Антология сатиры и юмора России XX века. Том 21
Шрифт:
Но все-таки она была довольна своим скольжением и отражением в многочисленных зеркалах, которые, лишь она появлялась, становились как бы страницами «ВОГа». И так она в сладком терзании проскользила мимо секции овощных консервов и не заметила даже, как оказалась в галерее сухофруктов, где и содрогнулась.
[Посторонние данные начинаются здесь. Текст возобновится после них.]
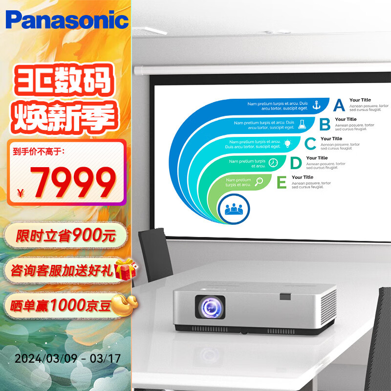 松下(Panasonic)PT-WZ4301无线投影仪 投影机办公室白天 培训会议 家用家庭影院(全高清 4300高流明 )价格:8899.00元!
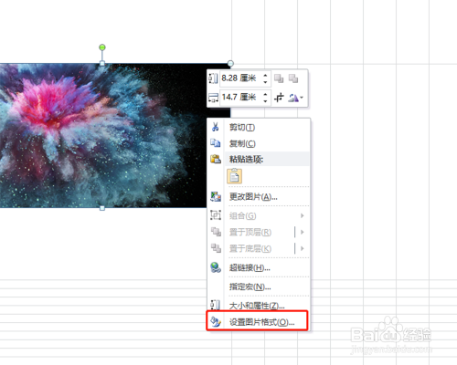 在图片上右击鼠标,点击设置图片格局。
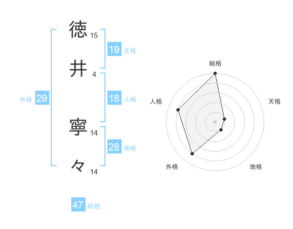 徳井 寧々さんの総格は47画の5点!
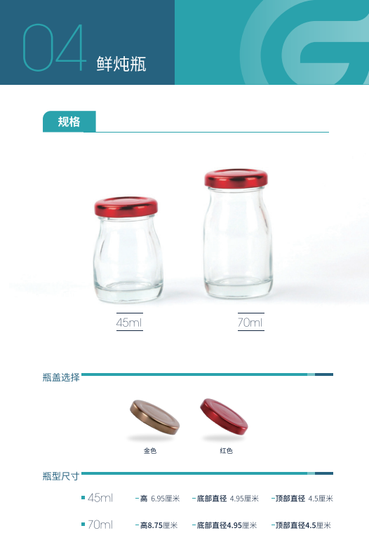 45ml:高6.95厘米、底部直径4.95厘米、顶部直径4.5厘米
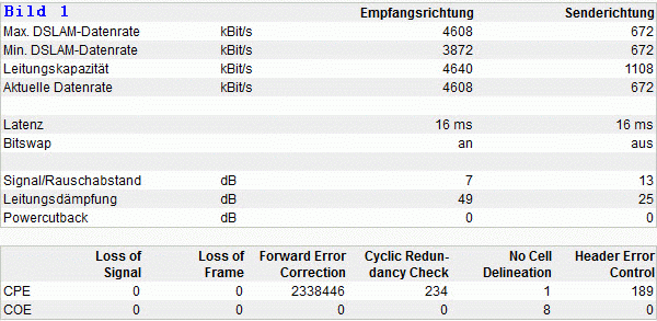 Deine Leistungsdaten sind schlechter als meine, gerade die Leistungsdämpfung 48/49 zu 40 und 25/29 zu 23, und ich hatte über Jahre nur 3000er bei 1&1, seit kurzem wurde mir 6000er RAM geschaltet was auch greift.
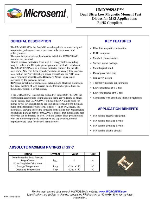 UMX9989-LowMag-MELF-Fast-MRI-PIN UMX9989AP Dual Ultra Low Magnetic Moment
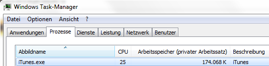Man sieht zwar nicht direkt einen Fortschritt, aber iTunes scheint im Hintergrund doch zu arbeiten.
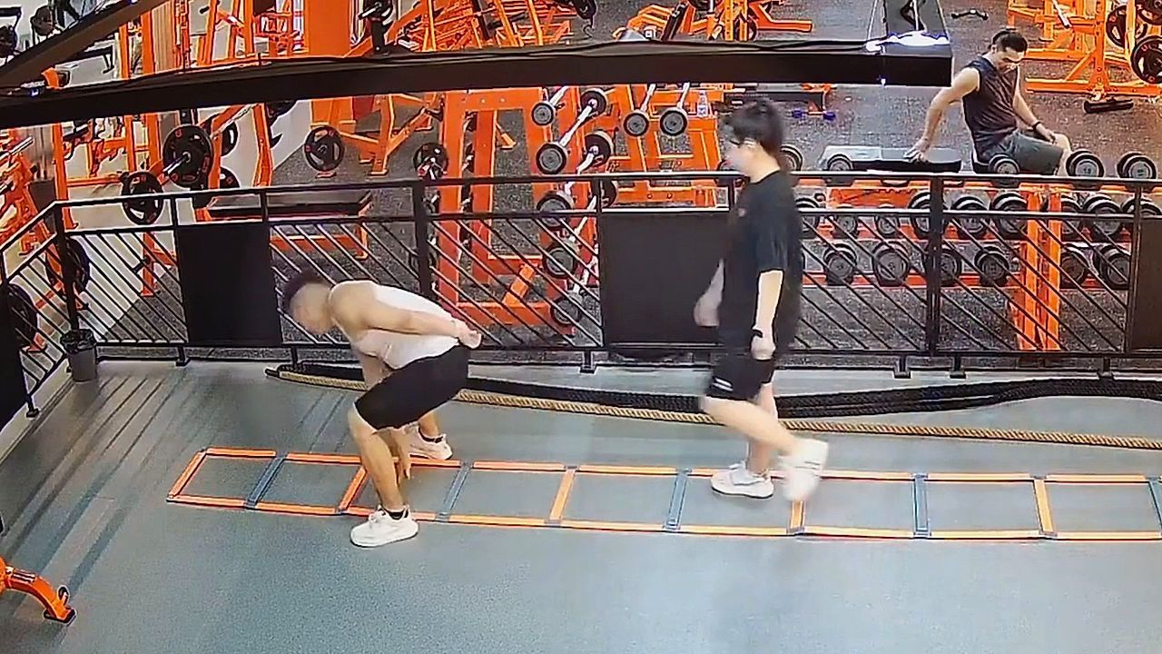 Eine Frau trainierte in einem Fitnessstudio in der chinesischen Provinz Shandong mit ihrem Personal Trainer. Ins Schwitzen kam dabei allerdings nur einer der beiden.
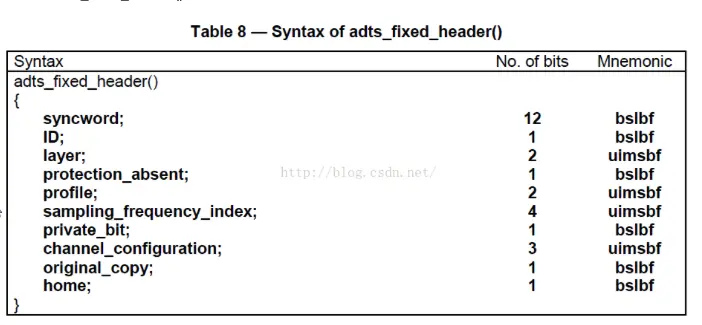- yncword :总是0xFFF, 代表一个ADTS帧的开始, 用于同步.解码器可通过0xFFF确定每个ADTS的开始位置.因为它的存在,解码可以在这个流中任何位置开始, 即可以在任意帧解码。
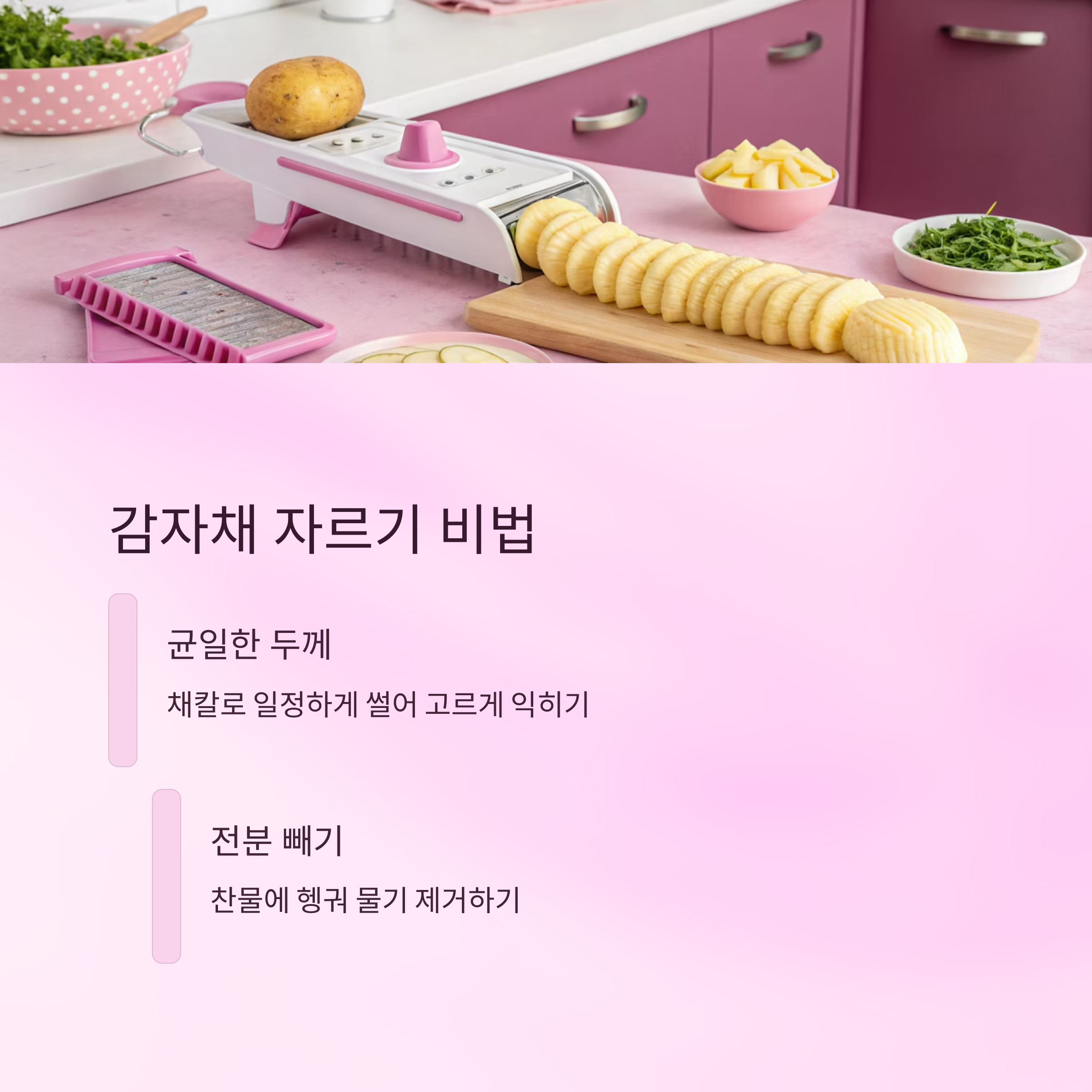 이제 본격적으로 감자채전을 더 맛있게 바삭하게 만드는 꿀팁들을 하나씩 살펴볼게요. 작은 차이가 완성도를 바꾼다는 걸 직접 느낄 수 있을 거예요. 😊
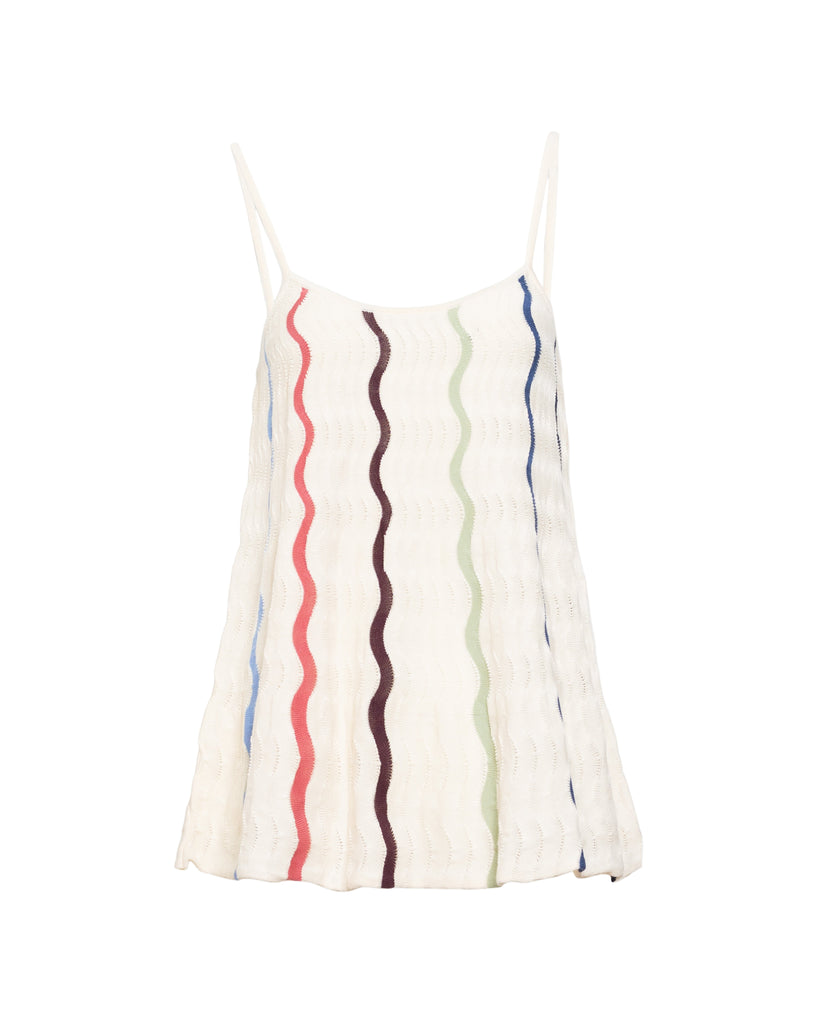 The Gigi Knit Tank in Cream Multi introduces a modern, feminine take on effortless resort style. Designed in a wavy crochet knit, this lightweight tank features delicate spaghetti straps and a square neckline that flatters with ease. Airy and versatile, Gigi transitions seamlessly from daytime lounging to sunset gatherings—pair it with the matching Lesley Knit Pant for a polished, coordinated look.

Урюк! Сморщенный вяленый вкусненький предатель абрикос с лакомой еще к тому же косточкой. О, эти урюки, страшно вспомнить бесконечное неотвязное жевание, лежание с жеванием и чтением на продавленной тахте, фиктивное переворачивание страниц, жаркая вялая дрема, липкие пальцы, чуть-чуть похрустывающая в надоевших, но неутомимых зубах урючная грязнинка и жевание, жевание, жевание.
Отрочество и золотая пора ранней юности были под угрозой. Сухофруктов в доме жреца Нефертити было изобилие, и
Так и сейчас, как в отрочестве, ей скулы свело от желания урючной оскомины, и она сделала немалое усилие, чтобы пронзить галерею сухофруктов и на выходе резко, киношно купить в лотке бутылку шампанского. Шампанского! Зачем?! В противовес урюку! Танго «Брызги шампанского»! Как-то в полуархивной плюшевой липкой одури, в урючной истоме попался в руки журнал красивой жизни «Столица и усадьба», 1915 год. С пожелтевшей малость страницы улыбалась графиня Нада Торби, супруга принца Джорджа Баттенбергского, правнучка А. С. Пушкина, сестра милосердия в лазарете памяти В. Ф. Комиссаржевской. Высокая красавица в косынке с крестиком улыбалась тианственно, и хоть несла она корзину с корпией и бинтами, а на задворках памяти плясало шампанское! Брызги! Вальс! Комильфоты в масках!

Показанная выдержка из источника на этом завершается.